_EXERCISE PROMPT_.
Copying rule for the data below: pictures stay out, and only the lines from the one with "av: ? ... Visa hela" down to the one with "张玉龙对曲元康一行来校交流考", inclusive, are repeated exactly.

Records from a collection

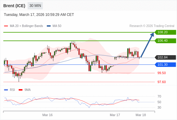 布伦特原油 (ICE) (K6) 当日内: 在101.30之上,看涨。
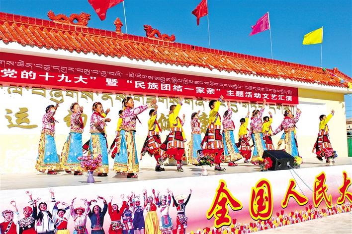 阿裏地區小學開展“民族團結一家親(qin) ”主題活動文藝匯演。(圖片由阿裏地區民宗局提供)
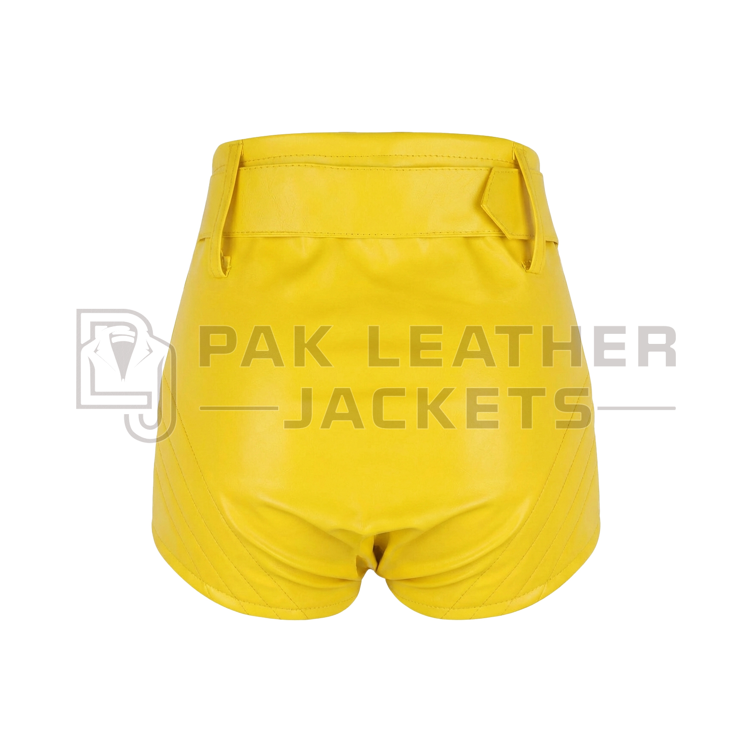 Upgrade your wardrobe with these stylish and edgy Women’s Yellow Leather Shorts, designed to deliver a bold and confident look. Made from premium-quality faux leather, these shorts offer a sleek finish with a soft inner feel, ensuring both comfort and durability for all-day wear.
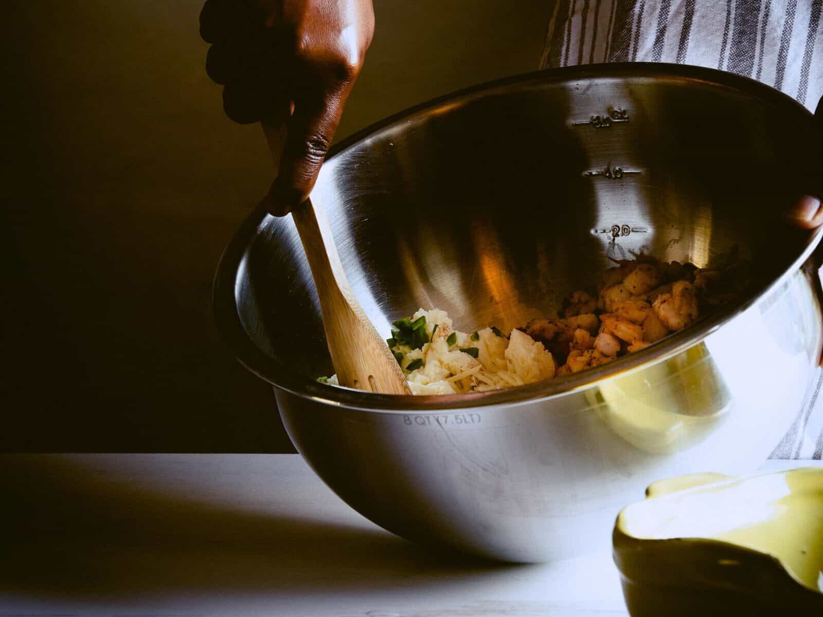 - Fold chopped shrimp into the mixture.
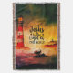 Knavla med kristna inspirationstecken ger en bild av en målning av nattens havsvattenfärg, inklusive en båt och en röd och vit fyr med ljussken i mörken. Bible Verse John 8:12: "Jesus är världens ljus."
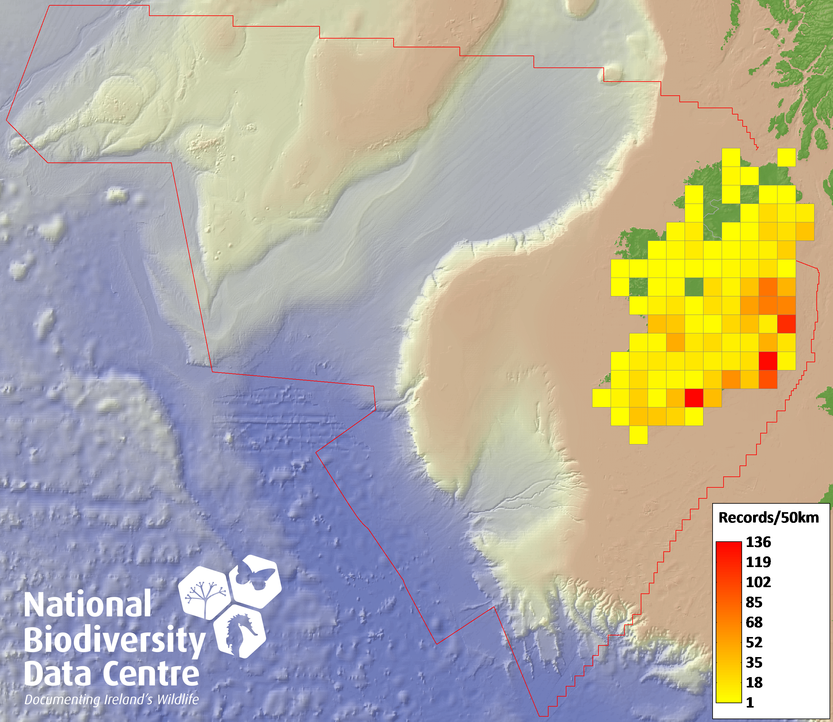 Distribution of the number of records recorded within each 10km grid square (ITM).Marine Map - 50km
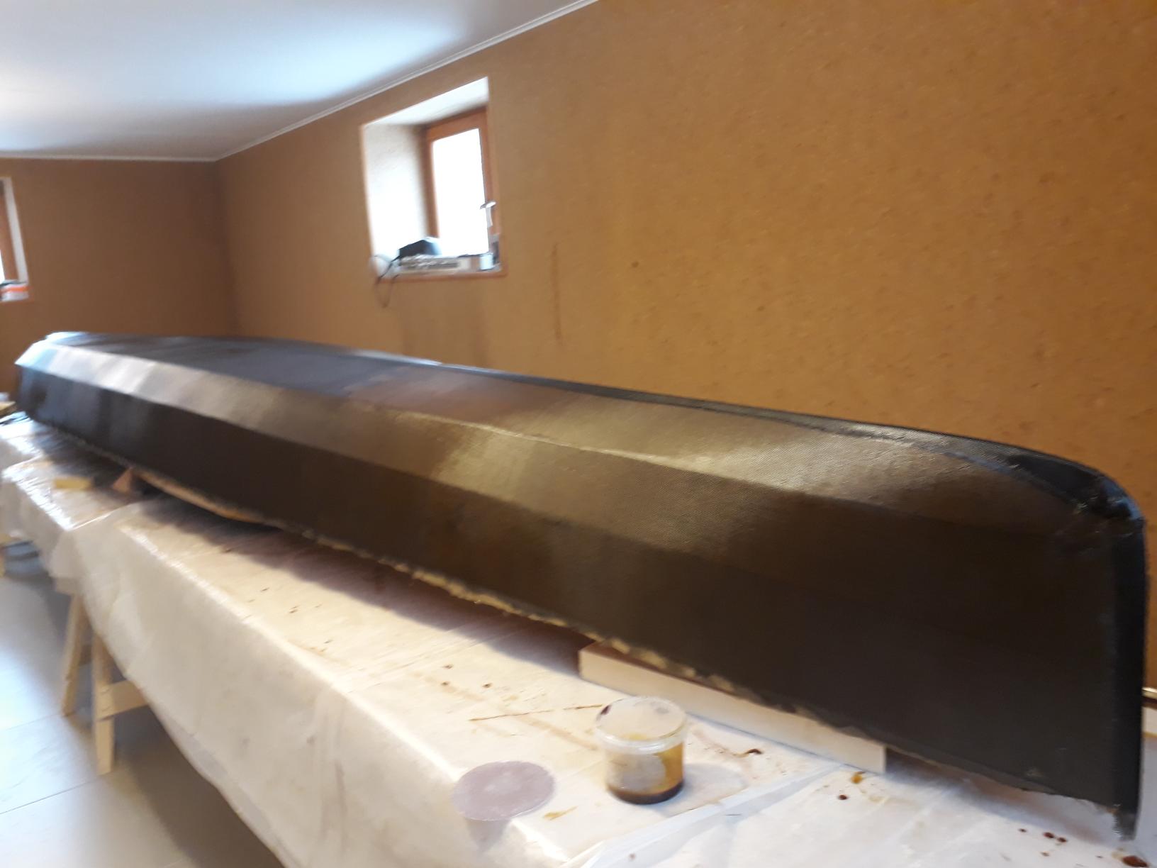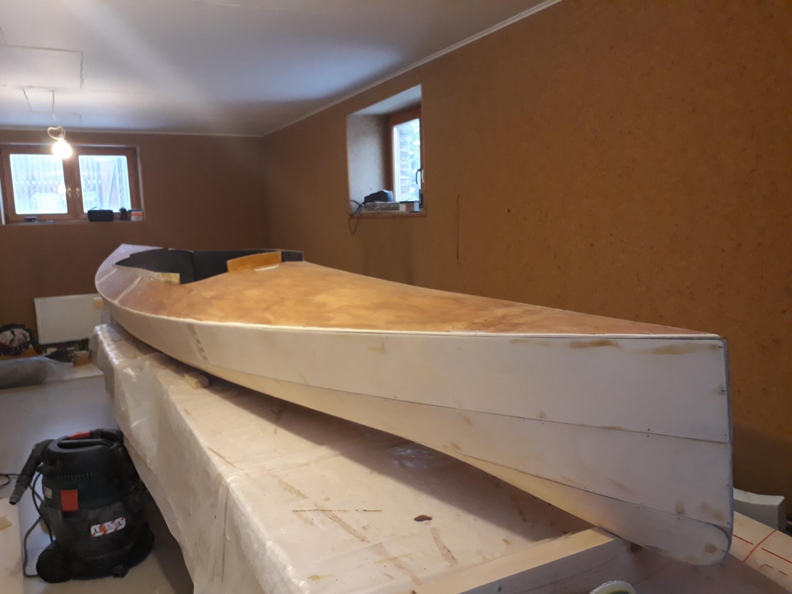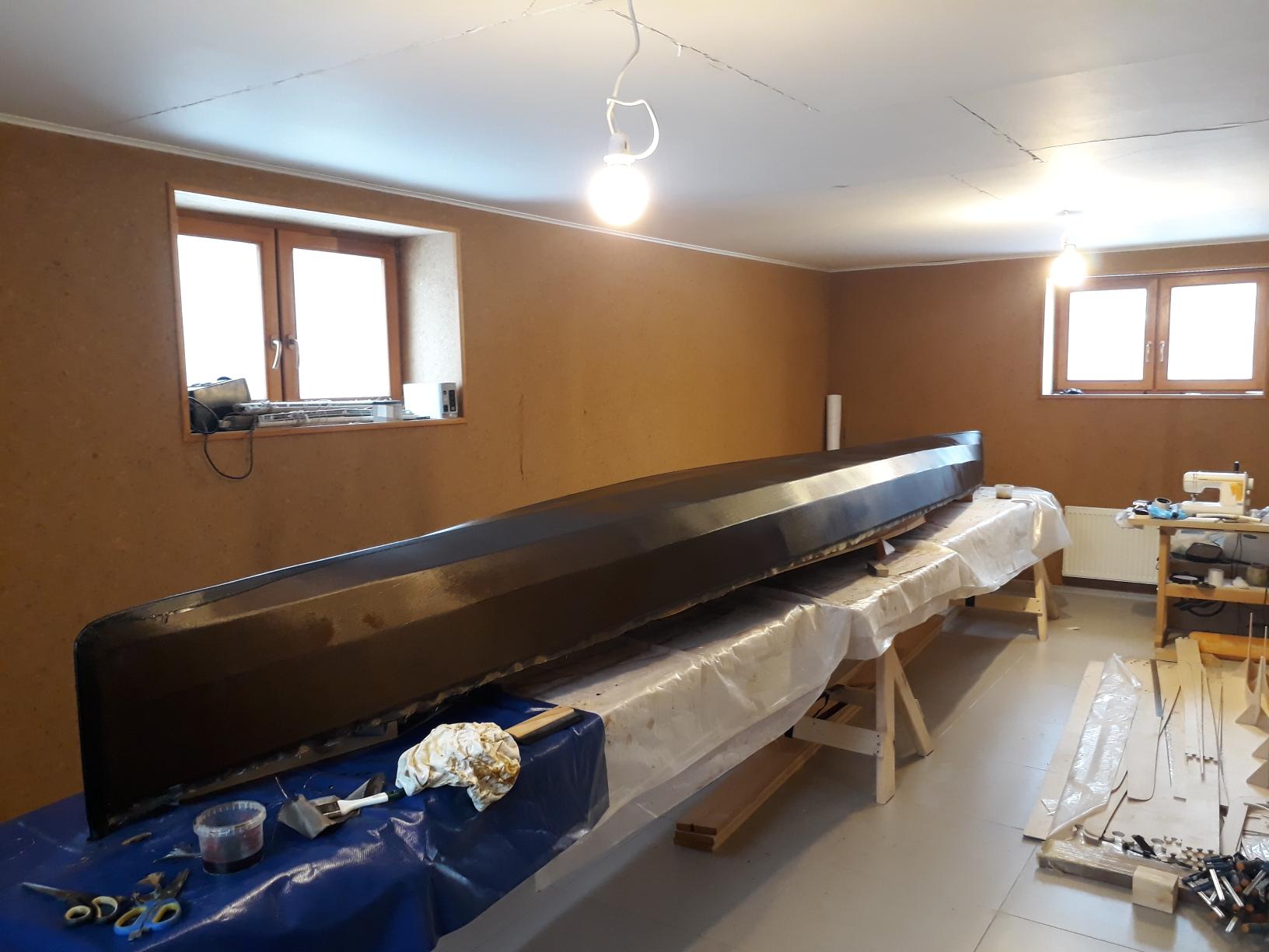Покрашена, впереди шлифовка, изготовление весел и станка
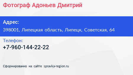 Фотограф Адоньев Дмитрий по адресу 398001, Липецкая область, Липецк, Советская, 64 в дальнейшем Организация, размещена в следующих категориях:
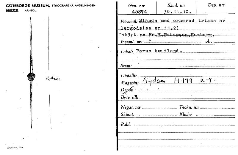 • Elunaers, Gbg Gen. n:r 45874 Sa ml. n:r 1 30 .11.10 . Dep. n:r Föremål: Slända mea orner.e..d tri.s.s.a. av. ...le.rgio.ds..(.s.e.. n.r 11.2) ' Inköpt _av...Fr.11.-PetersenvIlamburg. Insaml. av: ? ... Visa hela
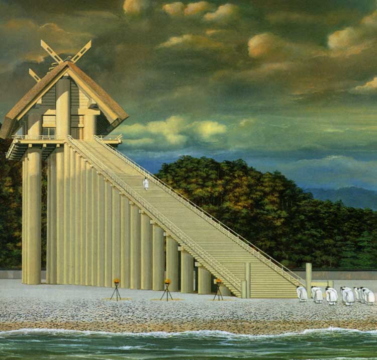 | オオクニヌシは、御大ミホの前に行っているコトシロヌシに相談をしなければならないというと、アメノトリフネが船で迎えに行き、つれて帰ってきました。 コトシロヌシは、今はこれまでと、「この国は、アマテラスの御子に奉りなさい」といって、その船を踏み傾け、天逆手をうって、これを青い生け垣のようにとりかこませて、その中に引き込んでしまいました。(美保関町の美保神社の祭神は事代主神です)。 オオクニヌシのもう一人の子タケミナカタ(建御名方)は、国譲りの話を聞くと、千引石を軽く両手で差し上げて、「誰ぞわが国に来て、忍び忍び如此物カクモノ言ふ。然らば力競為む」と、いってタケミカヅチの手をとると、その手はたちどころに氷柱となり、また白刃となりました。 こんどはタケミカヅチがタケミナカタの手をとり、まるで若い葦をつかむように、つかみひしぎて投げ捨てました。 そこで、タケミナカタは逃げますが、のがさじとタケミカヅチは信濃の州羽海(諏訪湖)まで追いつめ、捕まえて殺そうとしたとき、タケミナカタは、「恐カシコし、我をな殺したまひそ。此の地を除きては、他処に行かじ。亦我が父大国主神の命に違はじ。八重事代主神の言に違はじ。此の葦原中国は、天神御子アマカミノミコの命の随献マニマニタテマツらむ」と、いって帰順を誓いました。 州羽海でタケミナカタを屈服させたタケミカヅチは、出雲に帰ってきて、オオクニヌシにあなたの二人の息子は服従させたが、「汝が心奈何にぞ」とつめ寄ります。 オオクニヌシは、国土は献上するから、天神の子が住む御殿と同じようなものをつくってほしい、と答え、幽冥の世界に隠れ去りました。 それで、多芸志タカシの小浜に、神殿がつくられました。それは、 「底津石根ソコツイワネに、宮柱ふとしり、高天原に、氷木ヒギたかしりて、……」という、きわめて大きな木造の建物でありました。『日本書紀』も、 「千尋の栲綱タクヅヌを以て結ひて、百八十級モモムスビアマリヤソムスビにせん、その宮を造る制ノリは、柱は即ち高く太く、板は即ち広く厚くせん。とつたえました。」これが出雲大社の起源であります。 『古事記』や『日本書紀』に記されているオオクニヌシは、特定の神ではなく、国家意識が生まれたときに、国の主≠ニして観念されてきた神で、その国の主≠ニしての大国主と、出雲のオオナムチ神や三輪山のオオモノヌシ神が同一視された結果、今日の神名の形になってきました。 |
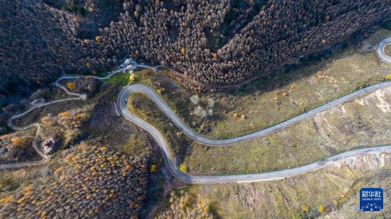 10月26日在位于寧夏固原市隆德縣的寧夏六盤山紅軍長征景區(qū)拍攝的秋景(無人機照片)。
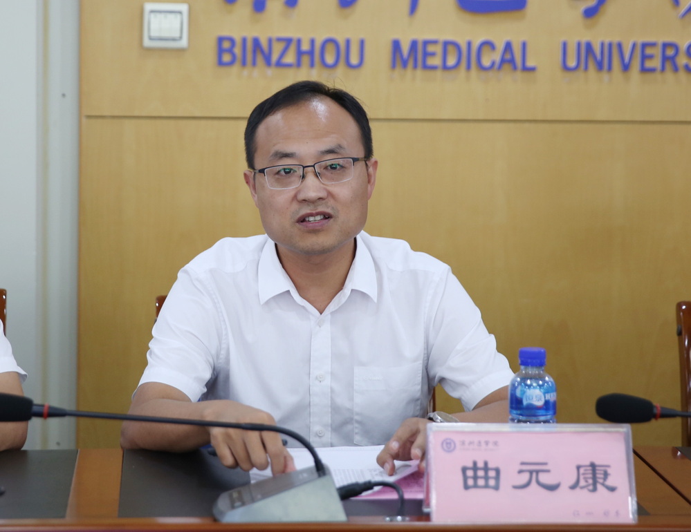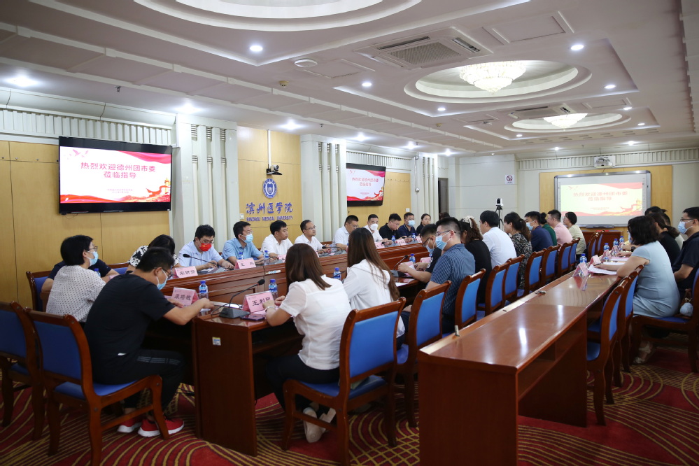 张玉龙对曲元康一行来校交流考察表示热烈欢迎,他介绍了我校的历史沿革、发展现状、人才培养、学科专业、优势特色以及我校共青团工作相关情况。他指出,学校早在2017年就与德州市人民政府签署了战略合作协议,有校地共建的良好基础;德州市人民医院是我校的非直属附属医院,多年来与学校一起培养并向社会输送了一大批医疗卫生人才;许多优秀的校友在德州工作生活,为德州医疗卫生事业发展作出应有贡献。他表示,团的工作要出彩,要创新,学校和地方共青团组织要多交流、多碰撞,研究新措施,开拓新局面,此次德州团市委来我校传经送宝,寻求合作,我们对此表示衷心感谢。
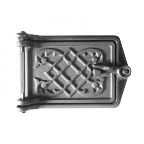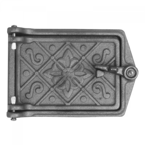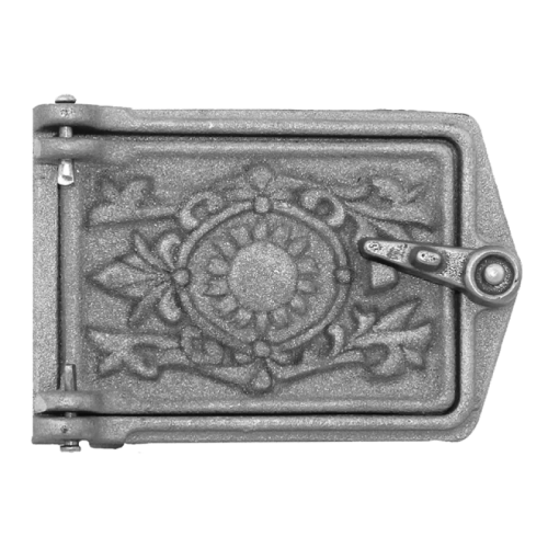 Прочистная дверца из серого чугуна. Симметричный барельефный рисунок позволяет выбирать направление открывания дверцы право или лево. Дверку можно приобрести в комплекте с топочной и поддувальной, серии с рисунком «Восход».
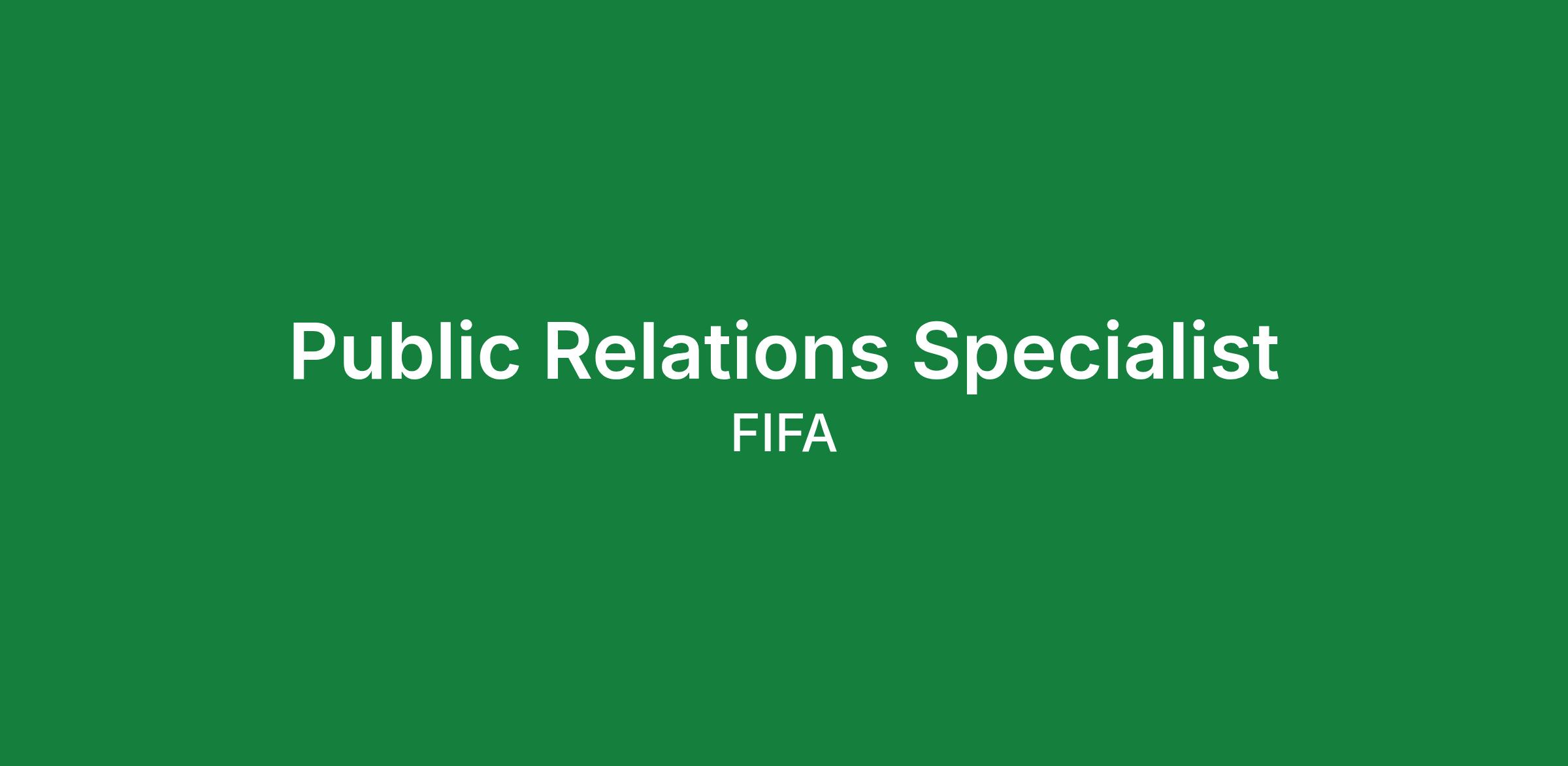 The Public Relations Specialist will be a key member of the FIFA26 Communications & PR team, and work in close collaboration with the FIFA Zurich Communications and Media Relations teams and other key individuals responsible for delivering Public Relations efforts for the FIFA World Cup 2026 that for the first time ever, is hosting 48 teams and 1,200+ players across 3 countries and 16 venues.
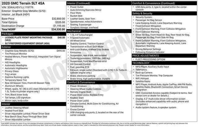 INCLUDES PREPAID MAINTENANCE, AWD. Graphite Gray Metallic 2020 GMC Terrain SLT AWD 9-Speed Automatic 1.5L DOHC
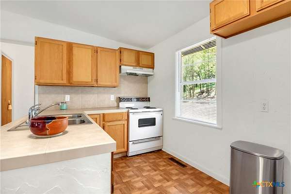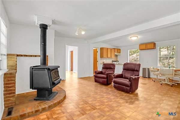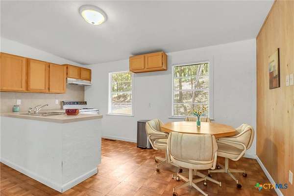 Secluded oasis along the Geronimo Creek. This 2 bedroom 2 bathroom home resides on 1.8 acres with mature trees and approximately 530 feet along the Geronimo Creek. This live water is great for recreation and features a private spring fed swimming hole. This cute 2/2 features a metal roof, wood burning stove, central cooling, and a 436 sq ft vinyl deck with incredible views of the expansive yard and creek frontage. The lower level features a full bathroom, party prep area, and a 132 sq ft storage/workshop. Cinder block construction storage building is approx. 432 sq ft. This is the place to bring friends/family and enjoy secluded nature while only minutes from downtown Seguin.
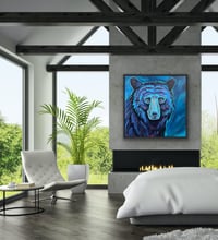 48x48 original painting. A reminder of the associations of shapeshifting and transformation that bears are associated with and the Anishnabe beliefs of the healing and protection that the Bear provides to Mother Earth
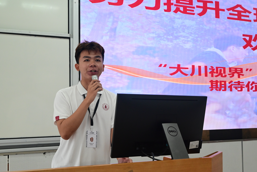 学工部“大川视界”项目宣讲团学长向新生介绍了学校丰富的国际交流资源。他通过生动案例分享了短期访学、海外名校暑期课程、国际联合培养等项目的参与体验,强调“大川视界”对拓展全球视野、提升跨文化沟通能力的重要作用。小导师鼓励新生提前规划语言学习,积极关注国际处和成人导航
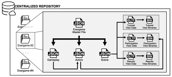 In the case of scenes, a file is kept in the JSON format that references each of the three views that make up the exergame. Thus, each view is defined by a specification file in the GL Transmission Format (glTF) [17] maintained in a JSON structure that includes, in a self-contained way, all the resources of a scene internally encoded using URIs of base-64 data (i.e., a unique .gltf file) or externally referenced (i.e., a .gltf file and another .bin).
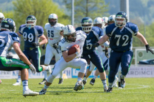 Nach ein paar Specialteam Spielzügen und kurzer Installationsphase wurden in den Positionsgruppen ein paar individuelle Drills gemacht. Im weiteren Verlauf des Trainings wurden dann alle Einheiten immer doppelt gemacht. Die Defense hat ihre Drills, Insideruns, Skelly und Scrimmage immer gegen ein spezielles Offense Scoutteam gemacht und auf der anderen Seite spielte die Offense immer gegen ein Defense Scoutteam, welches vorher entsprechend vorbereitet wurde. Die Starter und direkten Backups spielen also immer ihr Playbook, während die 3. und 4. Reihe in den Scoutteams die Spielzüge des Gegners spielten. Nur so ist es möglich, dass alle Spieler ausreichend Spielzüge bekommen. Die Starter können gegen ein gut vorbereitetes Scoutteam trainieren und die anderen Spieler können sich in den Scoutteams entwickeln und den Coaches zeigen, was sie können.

_RESULT OF THIS TASK_.
 • Elunaers, Gbg Gen. n:r 45874 Sa ml. n:r 1 30 .11.10 . Dep. n:r Föremål: Slända mea orner.e..d tri.s.s.a. av. ...le.rgio.ds..(.s.e.. n.r 11.2) ' Inköpt _av...Fr.11.-PetersenvIlamburg. Insaml. av: ? ... Visa hela
 | オオクニヌシは、御大ミホの前に行っているコトシロヌシに相談をしなければならないというと、アメノトリフネが船で迎えに行き、つれて帰ってきました。 コトシロヌシは、今はこれまでと、「この国は、アマテラスの御子に奉りなさい」といって、その船を踏み傾け、天逆手をうって、これを青い生け垣のようにとりかこませて、その中に引き込んでしまいました。(美保関町の美保神社の祭神は事代主神です)。 オオクニヌシのもう一人の子タケミナカタ(建御名方)は、国譲りの話を聞くと、千引石を軽く両手で差し上げて、「誰ぞわが国に来て、忍び忍び如此物カクモノ言ふ。然らば力競為む」と、いってタケミカヅチの手をとると、その手はたちどころに氷柱となり、また白刃となりました。 こんどはタケミカヅチがタケミナカタの手をとり、まるで若い葦をつかむように、つかみひしぎて投げ捨てました。 そこで、タケミナカタは逃げますが、のがさじとタケミカヅチは信濃の州羽海(諏訪湖)まで追いつめ、捕まえて殺そうとしたとき、タケミナカタは、「恐カシコし、我をな殺したまひそ。此の地を除きては、他処に行かじ。亦我が父大国主神の命に違はじ。八重事代主神の言に違はじ。此の葦原中国は、天神御子アマカミノミコの命の随献マニマニタテマツらむ」と、いって帰順を誓いました。 州羽海でタケミナカタを屈服させたタケミカヅチは、出雲に帰ってきて、オオクニヌシにあなたの二人の息子は服従させたが、「汝が心奈何にぞ」とつめ寄ります。 オオクニヌシは、国土は献上するから、天神の子が住む御殿と同じようなものをつくってほしい、と答え、幽冥の世界に隠れ去りました。 それで、多芸志タカシの小浜に、神殿がつくられました。それは、 「底津石根ソコツイワネに、宮柱ふとしり、高天原に、氷木ヒギたかしりて、……」という、きわめて大きな木造の建物でありました。『日本書紀』も、 「千尋の栲綱タクヅヌを以て結ひて、百八十級モモムスビアマリヤソムスビにせん、その宮を造る制ノリは、柱は即ち高く太く、板は即ち広く厚くせん。とつたえました。」これが出雲大社の起源であります。 『古事記』や『日本書紀』に記されているオオクニヌシは、特定の神ではなく、国家意識が生まれたときに、国の主≠ニして観念されてきた神で、その国の主≠ニしての大国主と、出雲のオオナムチ神や三輪山のオオモノヌシ神が同一視された結果、今日の神名の形になってきました。 |
 10月26日在位于寧夏固原市隆德縣的寧夏六盤山紅軍長征景區(qū)拍攝的秋景(無人機照片)。
 张玉龙对曲元康一行来校交流考察表示热烈欢迎,他介绍了我校的历史沿革、发展现状、人才培养、学科专业、优势特色以及我校共青团工作相关情况。他指出,学校早在2017年就与德州市人民政府签署了战略合作协议,有校地共建的良好基础;德州市人民医院是我校的非直属附属医院,多年来与学校一起培养并向社会输送了一大批医疗卫生人才;许多优秀的校友在德州工作生活,为德州医疗卫生事业发展作出应有贡献。他表示,团的工作要出彩,要创新,学校和地方共青团组织要多交流、多碰撞,研究新措施,开拓新局面,此次德州团市委来我校传经送宝,寻求合作,我们对此表示衷心感谢。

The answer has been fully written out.